EAD-YOLO: A Robust Human Pose Recognition Method for China UAVs

In recent years, the application of China UAV systems for public safety and surveillance has become increasingly vital. The ability to accurately recognize human poses from aerial viewpoints is crucial for real-time monitoring in crowded environments such as squares and parks. However, challenges such as variations in flight altitude, occlusions, and changing illumination conditions often lead to missed or false detections of keypoints. To address these issues, we propose an enhanced human keypoint detection model based on improved YOLOv8n-Pose, named EAD-YOLO, specifically designed for China UAV platforms.

Our proposed model integrates three key improvements. First, we fuse an efficient layer aggregation network (ELAN) into the SPPF module to enhance multi-scale feature extraction capability, allowing the network to better handle scale variations caused by different flight heights typical in China UAV operations. Second, we introduce a weighted channel segmentation and transformation module (ALSS) to improve recognition of occluded keypoints, which is a common problem in dense pedestrian scenes. Third, we employ a lightweight dynamic upsampler called Dysample to reduce background noise while maintaining low computational cost. Extensive experiments demonstrate that our model achieves 3.59 million parameters and 9.3 GFLOPS, with a mAP@50 improvement of 3.02% over the baseline, meeting the real-time requirements for China UAV-based pedestrian keypoint detection.

The rest of this paper is organized as follows. Section I introduces the background and motivation. Section II details the improved architecture. Section III presents the experimental protocol and ablation study. Section IV provides results and analysis. Section V concludes the paper.

I. Introduction

Population-dense public areas such as squares often witness dangerous events like pedestrian falls. The flexibility and wide field of view of China UAV systems offer significant advantages over traditional fixed surveillance cameras for such scenarios. However, the varying flight altitudes—commonly between 10 to 18 meters in our study—pose significant challenges for keypoint detection. Existing methods, such as AlphaPose combined with LightGBM, have shown effectiveness in low-quality images, but they often struggle with the unique characteristics of aerial imagery, including scale changes, occlusion, and dynamic background motion.

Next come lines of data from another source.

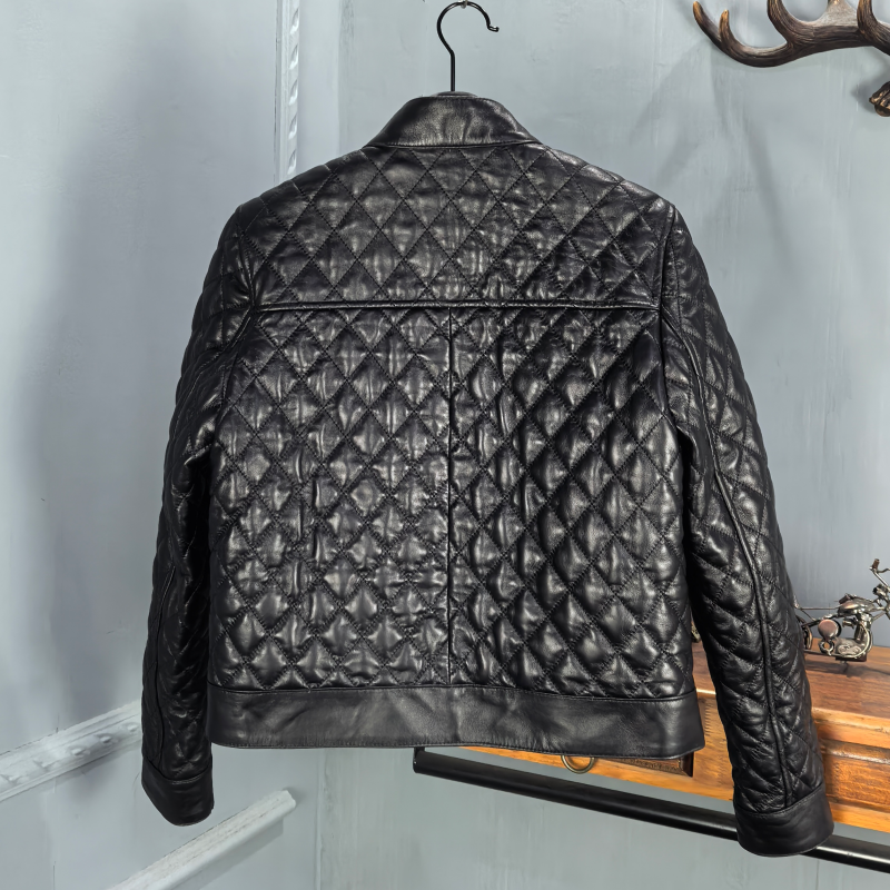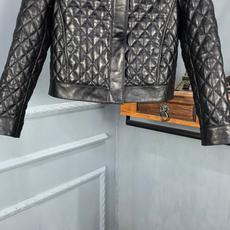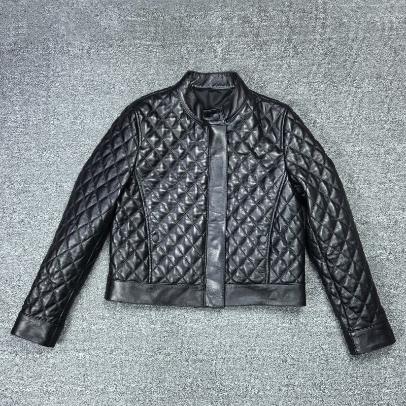 真皮立领绵羊皮皮衣女2026秋冬新款真皮短款菱格加棉夹克休闲百搭
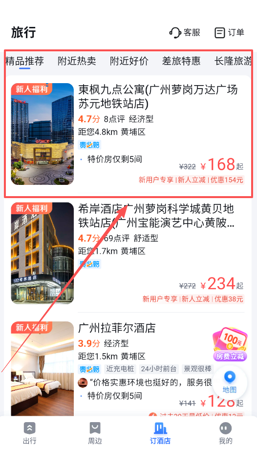 4、预订酒店优先使用日期和价格星级进行筛选,并使用地图工具直观选择位置合适的酒店。
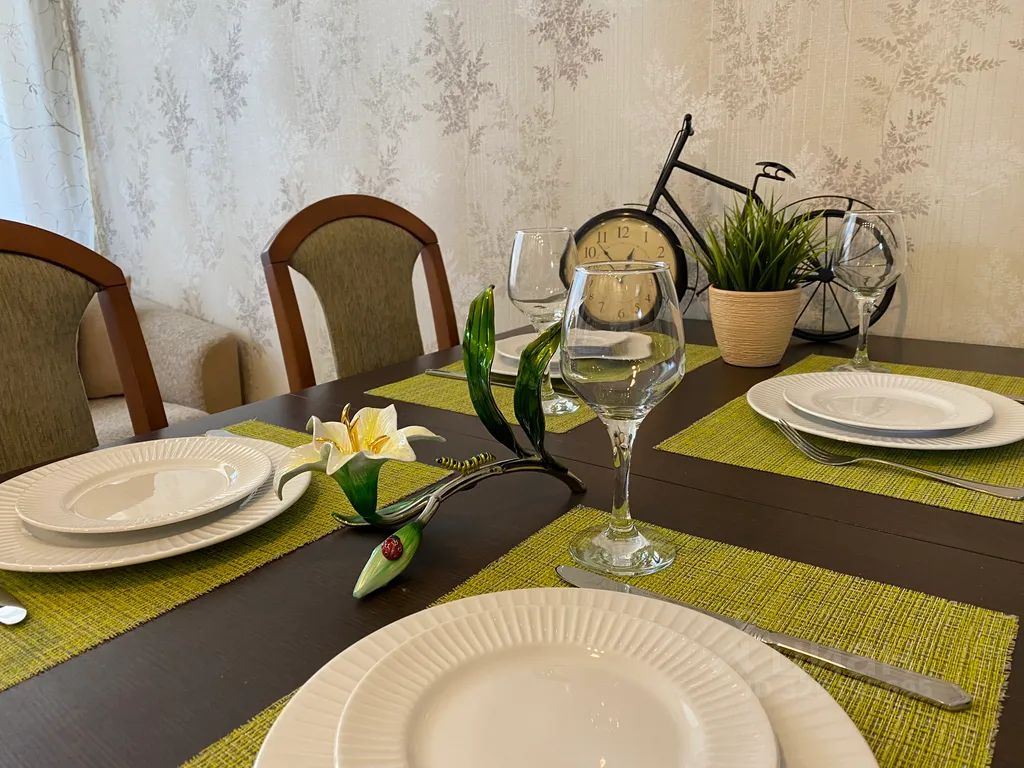 Уютная, тёплая и тихая квартира. Две большие изолированные спальни, где могут разместиться до 8 человек, просторная кухня с большим обеденным столом и необходимой посудой, две лоджии, раздельный санузел.
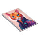 Pictured is a ginger cartoon cat in a colorful cyberpunk design
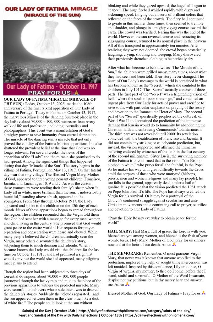 OUR LADY OF FATIMA MIRACLE (MIRACLE OF THE SUN): SIXTH APPARITION OF OUR LADY | MEMORIAL OF SAINT EDWARD THE CONFESSOR, KING OF ENGLAND; SAINT GERALD OF AURILLAC; AND SAINT LUBENTIUS, PRIEST ~ FEAST DAY: OCTOBER 13TH: Today, we joyfully commemorate the 108th Anniversary of the Miracle of the Sun, the sixth and final apparition of Our Lady of Fatima in Portugal (October 13, 1917). We also honor the holy memories of Saint Edward the Confessor, King of England (Patron of difficult marriages and separated spouses), Saint Gerald of Aurillac (Patron of counts, bachelors, and the physically challenged), and Saint Lubentius, Priest (Missionary of the Moselle region and disciple of Saint Martin of Tours). Through the powerful intercession of our Blessed Mother Mary and these holy saints, we lift our hearts in prayer for peace, unity, and holiness in the world. May God, who revealed His mercy through the signs at Fatima, pour out grace upon all who suffer and seek His love. We pray for those discerning marriage and for married couples facing trials, may they find reconciliation, love, and divine strength. We pray for widows and widowers, the sick and dying, especially those enduring cancer or terminal illness, and for the poor, needy, and forgotten. May the light of Christ shine upon the souls in Purgatory and all the faithful departed. We pray also for our Holy Father, Pope Leo XIV, the bishops, priests, and all consecrated men and women, that their ministry may bear fruit in faith and charity. May Our Lady of Fatima continue to intercede for the conversion of sinners and the triumph of her Immaculate Heart in every nation. Amen🙏🏾
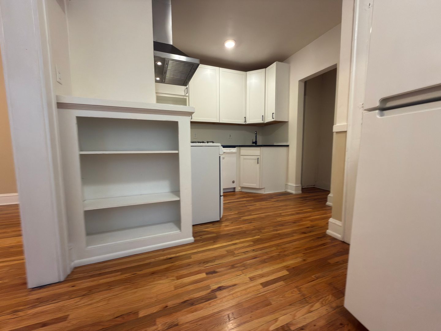 This stylish studio apartment sits on the garden level of a well-maintained building right off Fairview, just steps from the countless eateries and shops along University Ave. The open floor plan features hardwood floors, large windows with great natural light, and ample storage space including a walk-in shower in the updated bath. The modern kitchen boasts tall white cabinetry, sleek countertops, and elegant antique gold hardware for a touch of luxury.
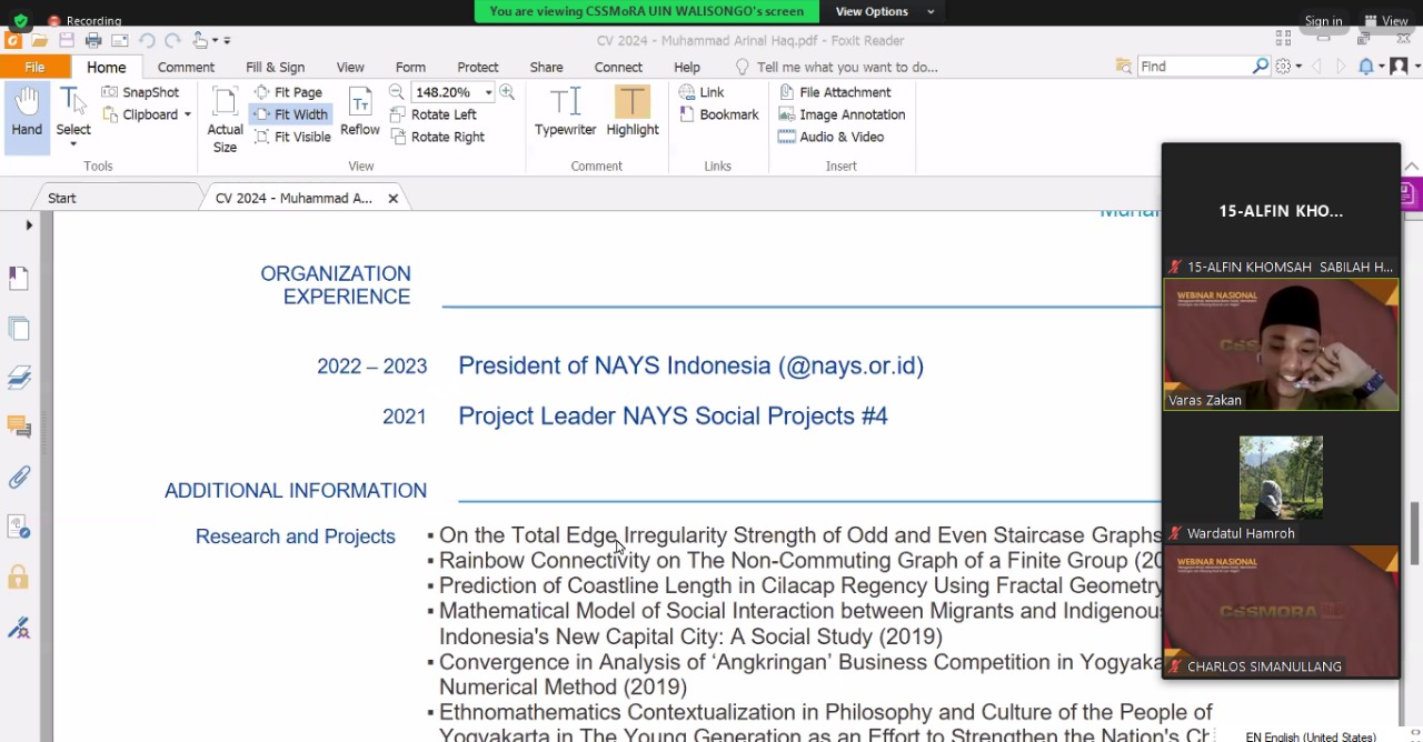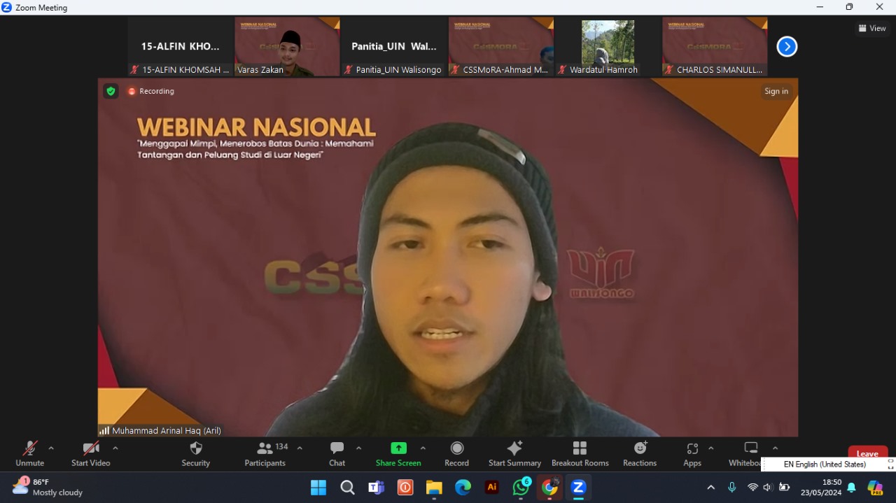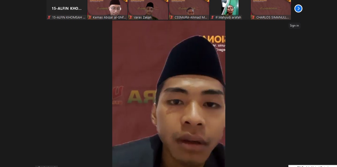 Webinar Nasional CSSMoRA dimoderatori oleh Varas Awla Zakan Tajalla dan menghadirkan narasumber luar biasa Muhammad Arinal Haq yang saat ini sedang menempuh jenjang S2 di Manchester, Inggris sekaligus mendapatkan beasiswa LPDP Luar Negeri. Beliau merupakan presiden NAYS Indonesia dan seorang penulis buku yang berjudul Pada Sebuah Jalan Panjang Bernama Pulang.
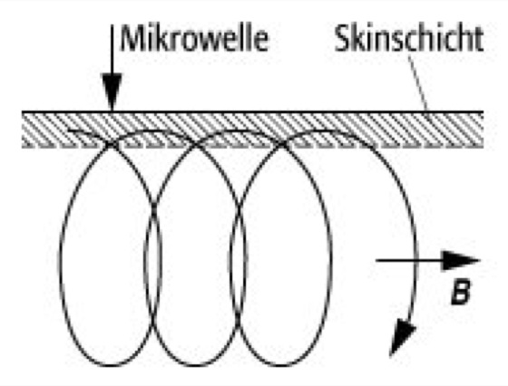 Die Zyklotronresonanz in Metallen wird auch als Azbel-Kaner-Resonanz bezeichnet. Dabei wird das Metall innerhalb eines Hohlraumresonators mit einer elektromagnetischen Mikrowelle im GHz-Bereich bestrahlt und die Absorption oder Reflexion der Mikrowelle bzw. die Oberflächenimpedanz der Metallprobe in Abhängigkeit von einem variablen Magnetfeld gemessen, das parallel zur Metalloberfläche gerichtet ist. Dabei dringt die Mikrowelle nur in eine etwa 10-5 cm dicke Schicht unterhalb der Metalloberfläche ein (Skineffekt), die bei Magnetfeldern von 0,01-0,5 T wesentlich kleiner ist als der Bahndurchmesser eines rotierenden Elektrons (siehe Abb.). Die Azbel-Kerner-Resonanz wird nur durch solche Elektronen hervorgerufen, die die Skinschicht mehrmals hintereinander durchfliegen, ohne dazwischen im Innern oder an der Oberfläche des Metalls gestreut zu werden. Deshalb ist diese Zyklotronresonanz nur in sauberen Metall-Einkristallen mit einer sehr gut polierten Oberfläche bei tiefen Temperaturen um 4 K möglich.
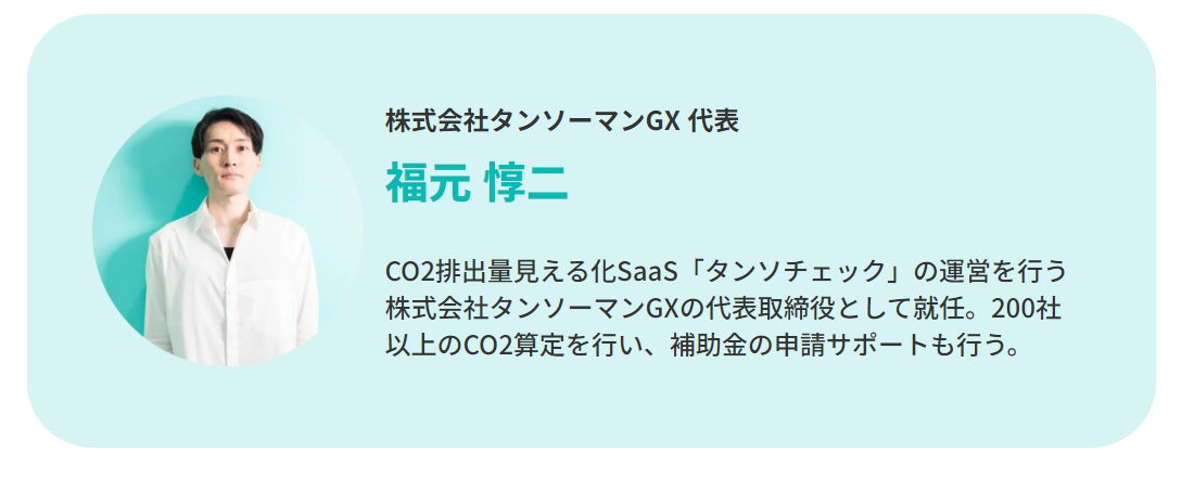 本セミナーでは、株式会社タンソーマンGXの代表取締役福元氏が登壇。
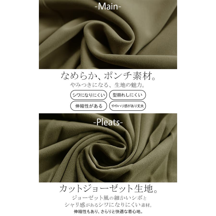 | 素材 | 本体:レーヨン50% ポリエステル44% ポリウレタン6% プリーツ部分:ポリエステル95% ポリウレタン5% |
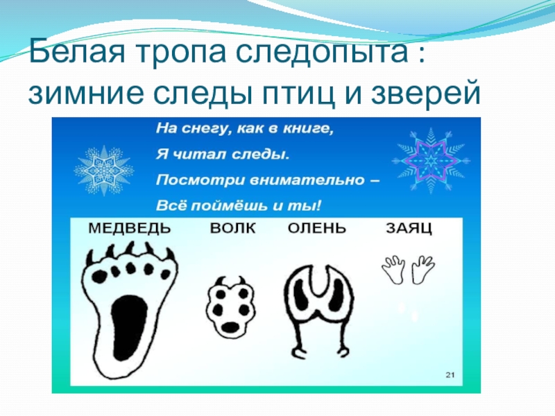 Слайд 3Белая тропа следопыта : зимние следы птиц и зверей
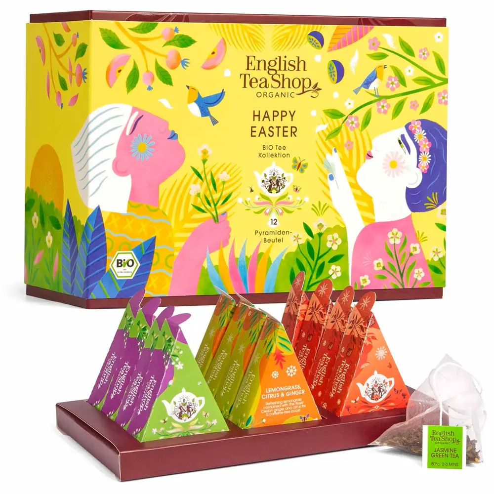 🎁 Eine großartige Auswahl der beliebtesten Frühlingstee Mischungen von English Tea Shop hat der Osterhase in diesem Teegeschenk versteckt. In der modern in Osterfarben designten Geschenkbox findet jeder Teeliebhaber seine neue Lieblingssorte. Ein perfektes Geschenk zu Ostern, als Ostergruß oder zum Kennenlernen neuer Teesorten von English Tea Shop.
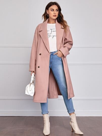 SHEIN Notch Collar Flap Detail Split Hem Overcoat
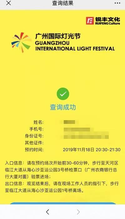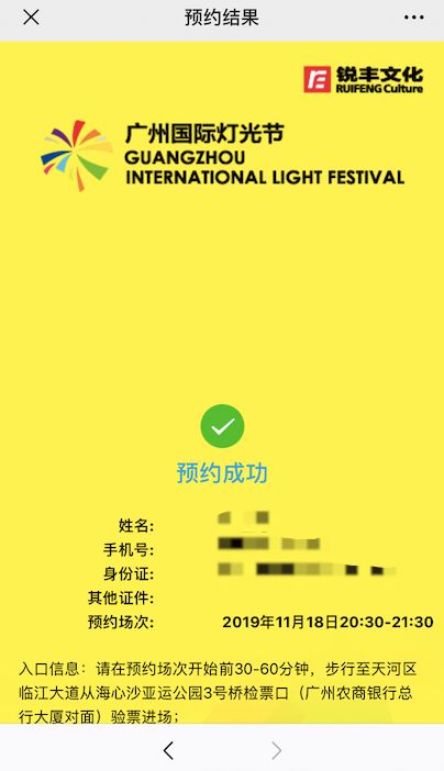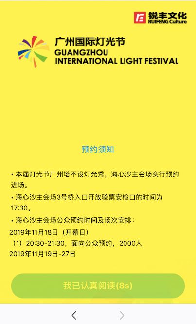 2、花都区预约:需提前24小时进行入场票务预约,即11月17日夜晚19:00前预约11月18日门票,预约名额满后或超过预约时间即停止预约,每晚四场表演(19:00、19:45、20:30、21:15)可供预约,每场人数1200人。届时按照预约场次分批入场参观。
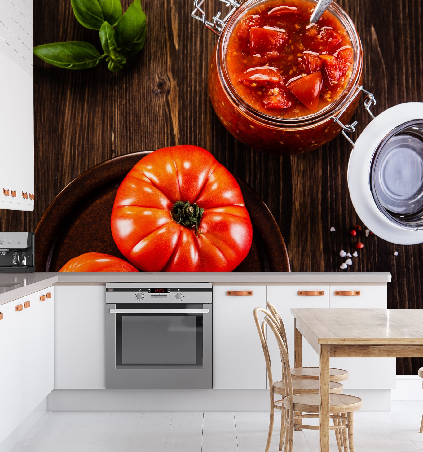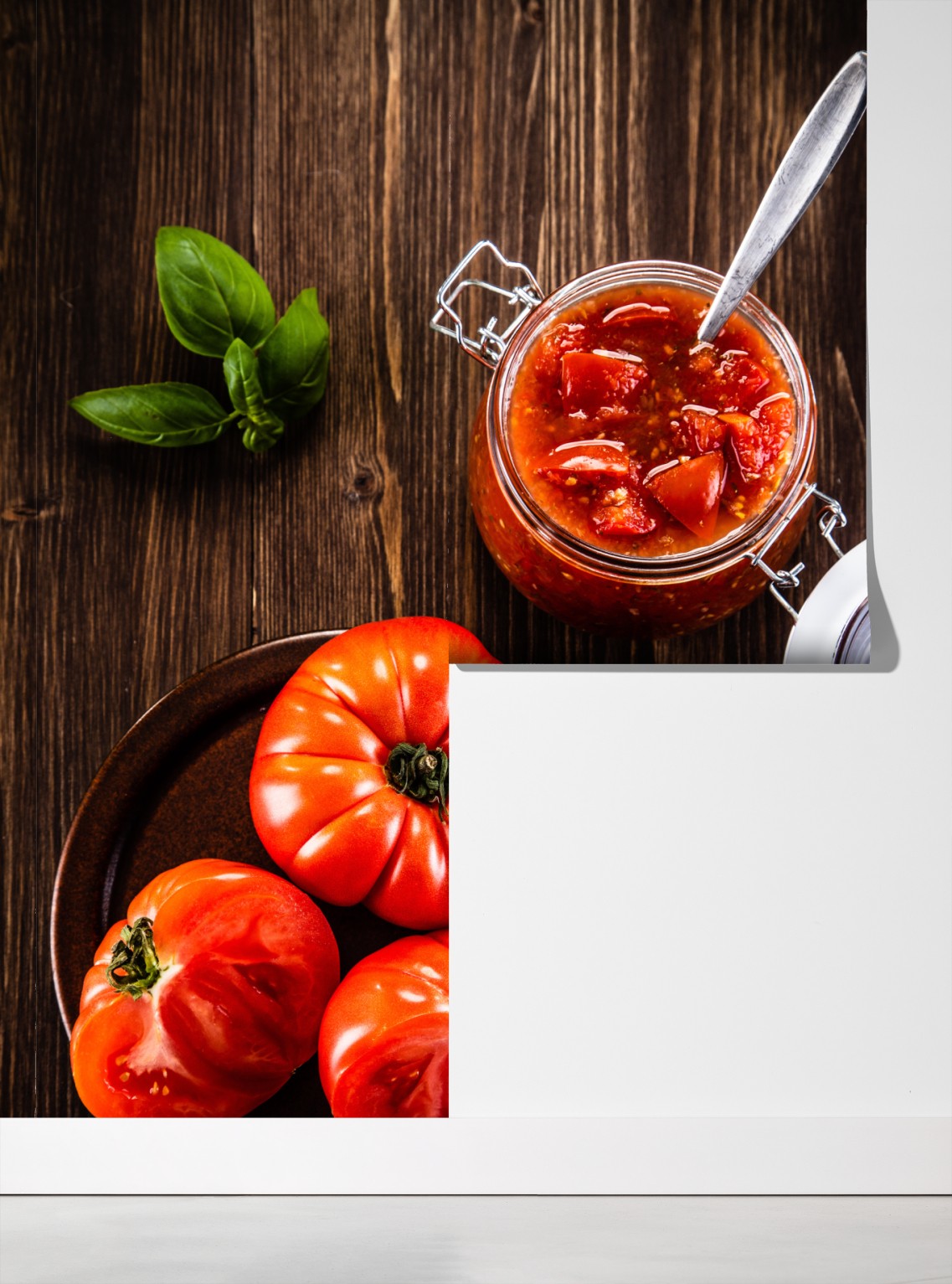 Fototapete frische tomaten und hausgemachte tomatensauce
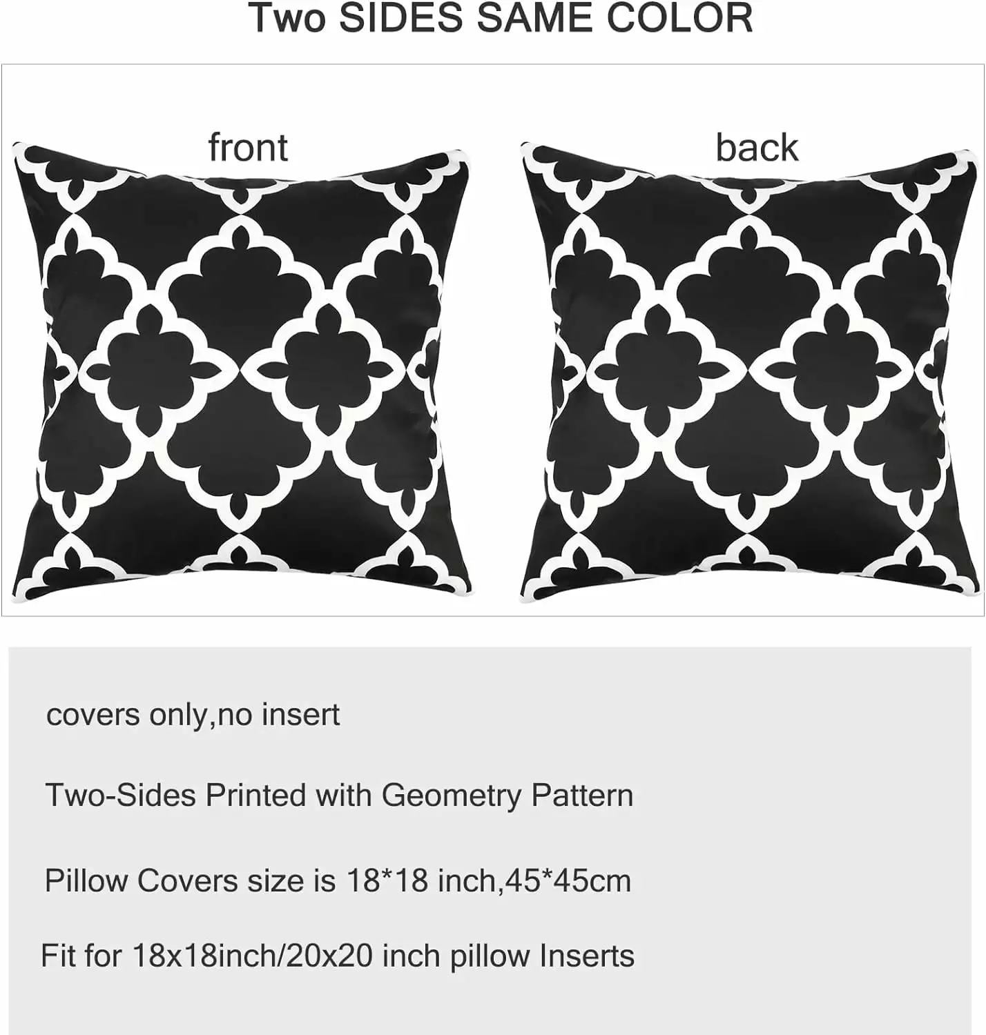 18×18 Inch Black and White Throw Pillow Covers Outdoor Waterproof for Patio Furniture Sunbrella Outside Set of 2
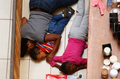 | En mamma och hennes barn gömmer sig för skyttarna i Westgate-gallerian i Kenya. (Foto: Reuters) |

To overcome these limitations, we base our work on YOLOv8n-Pose, a top-down approach known for its real-time efficiency. We propose three modifications to adapt it for China UAV viewpoints. The first modification is the SPPELAN-H module, which enhances the spatial pyramid pooling section to capture features at multiple scales. The second is the ALSS module, designed to focus on occluded keypoints by using weighted channel splitting. The third is the Dysample upsampler, which reduces computation while preserving edge information important for small keypoints. These contributions collectively improve detection accuracy without significantly increasing the computational burden, making our model suitable for edge deployment on China UAV hardware.

II. Related Work

Human pose estimation from aerial platforms has been an active research area. DeepPose and OpenPose were among the first to apply deep learning to this task, but their computational demands inhibit real-time performance on resource-constrained China UAV systems. HRNet-W32 maintains high-resolution representations, yet its complexity often limits deployment in lightweight scenarios. Recent models like YOLOv9-Pose leverage programmable gradient information to maintain high feature representation, but at the cost of increased parameters and FLOPs. Our work builds on the YOLO series, which is widely adopted for real-time tasks, and we specifically target the unique challenges of China UAV perspectives, such as varying flight altitudes and occlusion patterns.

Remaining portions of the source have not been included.